*Given material*
= = = = =

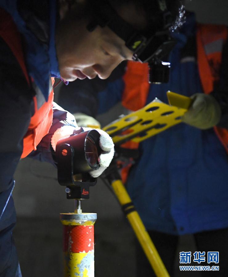 2月21日,鐵路工人在安裝檢查設(shè)備。新華社記者 張曼怡 攝
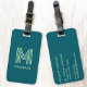 Étiquette À Bagage Monogramme Nom initial Simple Turquoise Pistachio
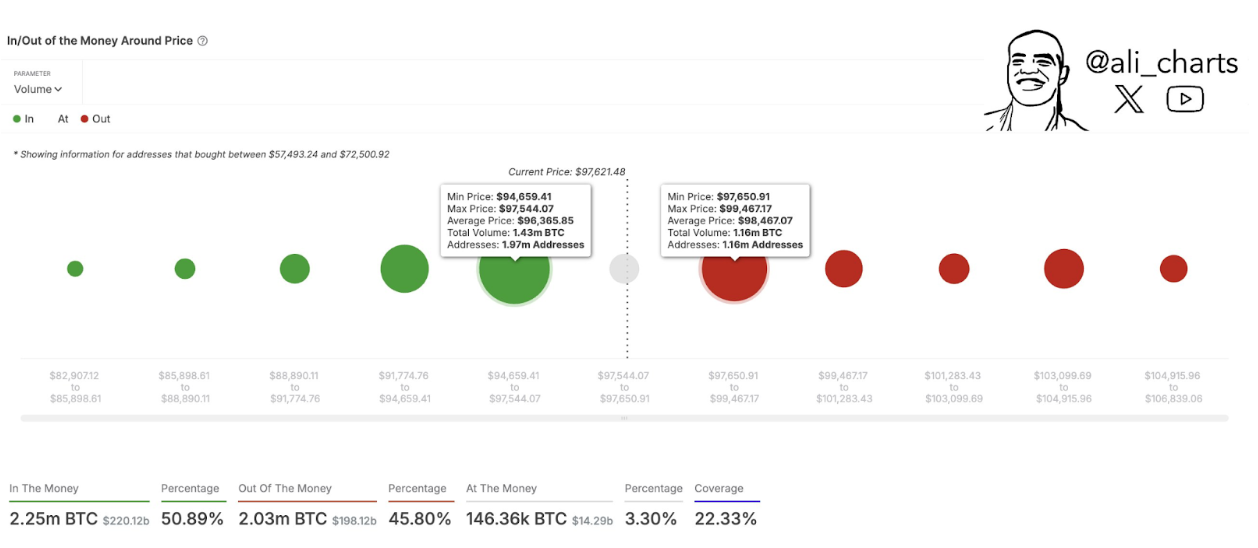 The Bitcoin inflows into crypto exchanges open up a bearish case for Bitcoin, especially since it creates a selling pressure on exchanges. Technical analysis shows that Bitcoin is currently trapped between key supply and demand levels. According to crypto analyst Ali Martinez, there is a significant 1.43 million BTC demand wall between $94,660 and $97,540, while a 1.16 million BTC supply wall sits between $97,650 and $99,470. A breakout in either direction will potentially set the trend for the next major move.
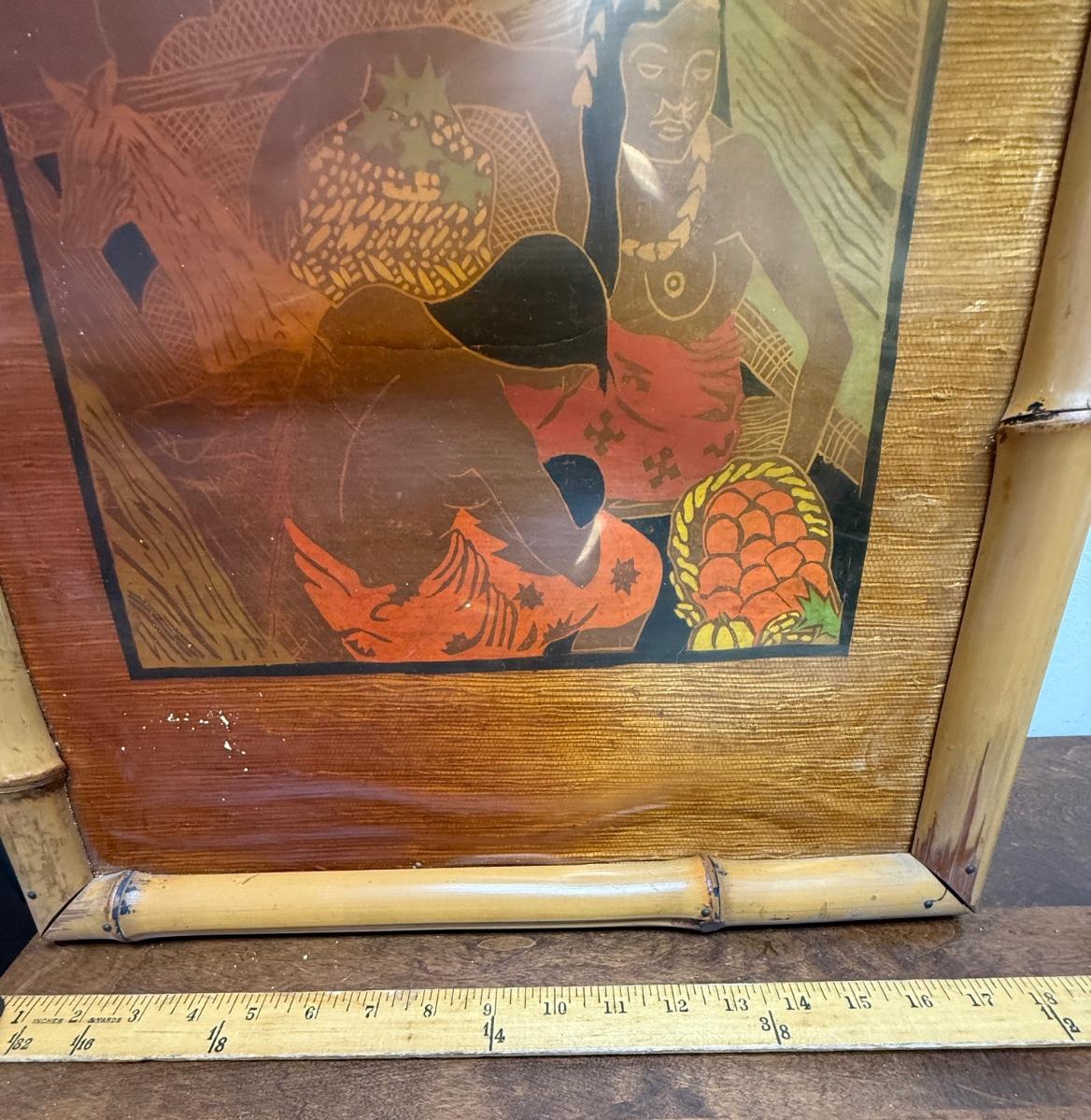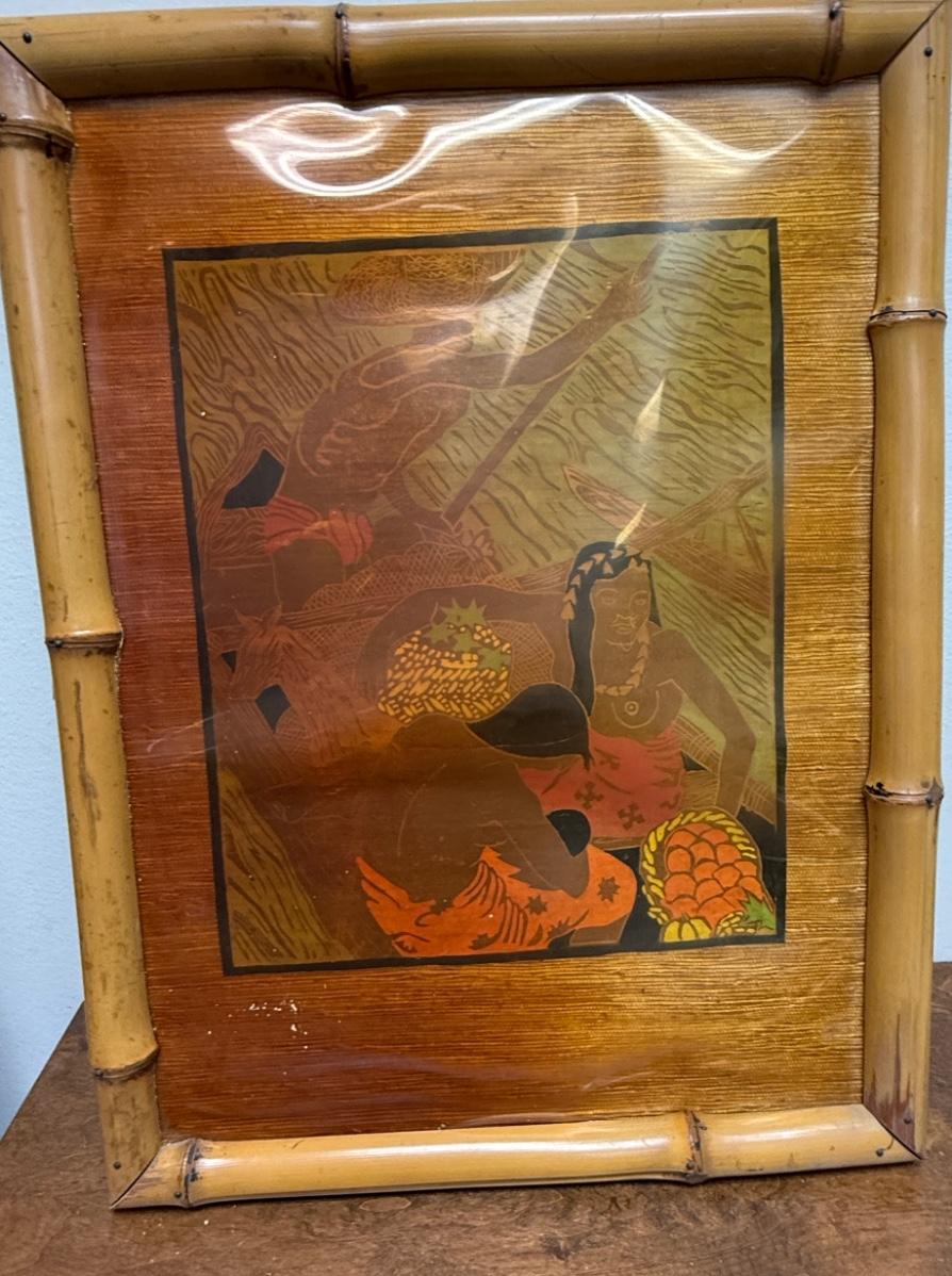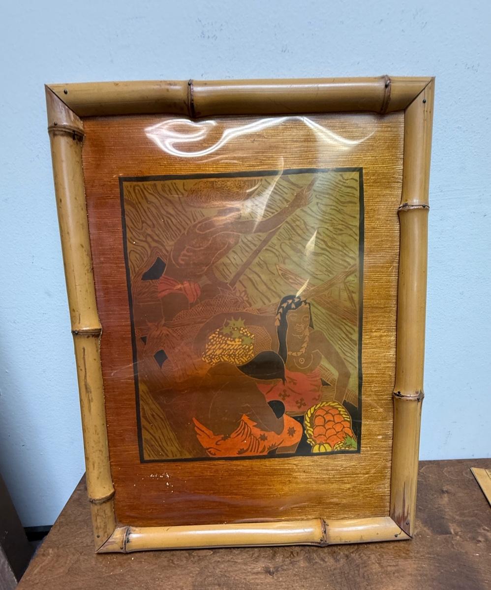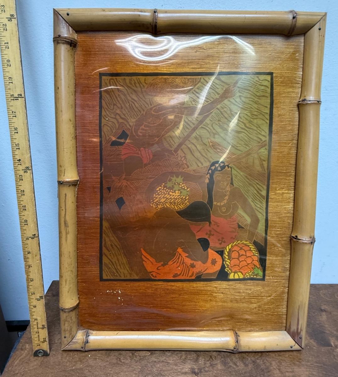 Vintage Chinoserie Japanese or Pacific Island art with bamboo frame on wood oil painting & Marquetry?

= = = = =

*Task requirements*
The span to retype runs from the line containing "The Bitcoin inflows" through the last line of the listing above, both ends included; copy it exactly, without pictures.

*Exercise result*
 The Bitcoin inflows into crypto exchanges open up a bearish case for Bitcoin, especially since it creates a selling pressure on exchanges. Technical analysis shows that Bitcoin is currently trapped between key supply and demand levels. According to crypto analyst Ali Martinez, there is a significant 1.43 million BTC demand wall between $94,660 and $97,540, while a 1.16 million BTC supply wall sits between $97,650 and $99,470. A breakout in either direction will potentially set the trend for the next major move.
 Vintage Chinoserie Japanese or Pacific Island art with bamboo frame on wood oil painting & Marquetry?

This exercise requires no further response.